- Exercise data -
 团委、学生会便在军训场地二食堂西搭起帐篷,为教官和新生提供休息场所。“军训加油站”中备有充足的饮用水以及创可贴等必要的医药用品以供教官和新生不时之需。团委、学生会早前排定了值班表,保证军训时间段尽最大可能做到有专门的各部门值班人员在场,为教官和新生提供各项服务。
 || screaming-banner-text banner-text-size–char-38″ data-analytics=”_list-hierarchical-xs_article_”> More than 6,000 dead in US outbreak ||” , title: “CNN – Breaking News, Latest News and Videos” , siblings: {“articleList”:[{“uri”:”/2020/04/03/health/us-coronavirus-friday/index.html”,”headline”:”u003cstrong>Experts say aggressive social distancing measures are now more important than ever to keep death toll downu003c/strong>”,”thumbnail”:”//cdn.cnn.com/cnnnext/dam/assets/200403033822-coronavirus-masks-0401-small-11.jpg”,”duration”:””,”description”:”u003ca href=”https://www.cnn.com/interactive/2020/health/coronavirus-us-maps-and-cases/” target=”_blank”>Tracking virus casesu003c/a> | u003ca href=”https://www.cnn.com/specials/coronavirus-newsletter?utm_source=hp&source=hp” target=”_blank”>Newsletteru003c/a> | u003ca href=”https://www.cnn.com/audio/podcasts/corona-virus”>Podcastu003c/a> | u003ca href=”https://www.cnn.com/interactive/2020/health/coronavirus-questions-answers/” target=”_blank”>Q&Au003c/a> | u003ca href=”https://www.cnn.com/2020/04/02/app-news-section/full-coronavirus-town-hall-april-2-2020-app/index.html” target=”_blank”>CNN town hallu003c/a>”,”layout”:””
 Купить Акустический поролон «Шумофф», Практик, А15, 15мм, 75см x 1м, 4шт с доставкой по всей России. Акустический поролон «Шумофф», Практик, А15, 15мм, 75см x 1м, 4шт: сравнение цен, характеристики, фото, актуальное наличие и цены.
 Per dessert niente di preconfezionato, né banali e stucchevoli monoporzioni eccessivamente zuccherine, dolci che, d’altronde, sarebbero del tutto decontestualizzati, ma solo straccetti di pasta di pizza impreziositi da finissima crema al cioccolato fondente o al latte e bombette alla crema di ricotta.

- Task item -
Each line of the listing should be echoed back exactly.

- Task result -
 团委、学生会便在军训场地二食堂西搭起帐篷,为教官和新生提供休息场所。“军训加油站”中备有充足的饮用水以及创可贴等必要的医药用品以供教官和新生不时之需。团委、学生会早前排定了值班表,保证军训时间段尽最大可能做到有专门的各部门值班人员在场,为教官和新生提供各项服务。
 || screaming-banner-text banner-text-size–char-38″ data-analytics=”_list-hierarchical-xs_article_”> More than 6,000 dead in US outbreak ||” , title: “CNN – Breaking News, Latest News and Videos” , siblings: {“articleList”:[{“uri”:”/2020/04/03/health/us-coronavirus-friday/index.html”,”headline”:”u003cstrong>Experts say aggressive social distancing measures are now more important than ever to keep death toll downu003c/strong>”,”thumbnail”:”//cdn.cnn.com/cnnnext/dam/assets/200403033822-coronavirus-masks-0401-small-11.jpg”,”duration”:””,”description”:”u003ca href=”https://www.cnn.com/interactive/2020/health/coronavirus-us-maps-and-cases/” target=”_blank”>Tracking virus casesu003c/a> | u003ca href=”https://www.cnn.com/specials/coronavirus-newsletter?utm_source=hp&source=hp” target=”_blank”>Newsletteru003c/a> | u003ca href=”https://www.cnn.com/audio/podcasts/corona-virus”>Podcastu003c/a> | u003ca href=”https://www.cnn.com/interactive/2020/health/coronavirus-questions-answers/” target=”_blank”>Q&Au003c/a> | u003ca href=”https://www.cnn.com/2020/04/02/app-news-section/full-coronavirus-town-hall-april-2-2020-app/index.html” target=”_blank”>CNN town hallu003c/a>”,”layout”:””
 Купить Акустический поролон «Шумофф», Практик, А15, 15мм, 75см x 1м, 4шт с доставкой по всей России. Акустический поролон «Шумофф», Практик, А15, 15мм, 75см x 1м, 4шт: сравнение цен, характеристики, фото, актуальное наличие и цены.
 Per dessert niente di preconfezionato, né banali e stucchevoli monoporzioni eccessivamente zuccherine, dolci che, d’altronde, sarebbero del tutto decontestualizzati, ma solo straccetti di pasta di pizza impreziositi da finissima crema al cioccolato fondente o al latte e bombette alla crema di ricotta.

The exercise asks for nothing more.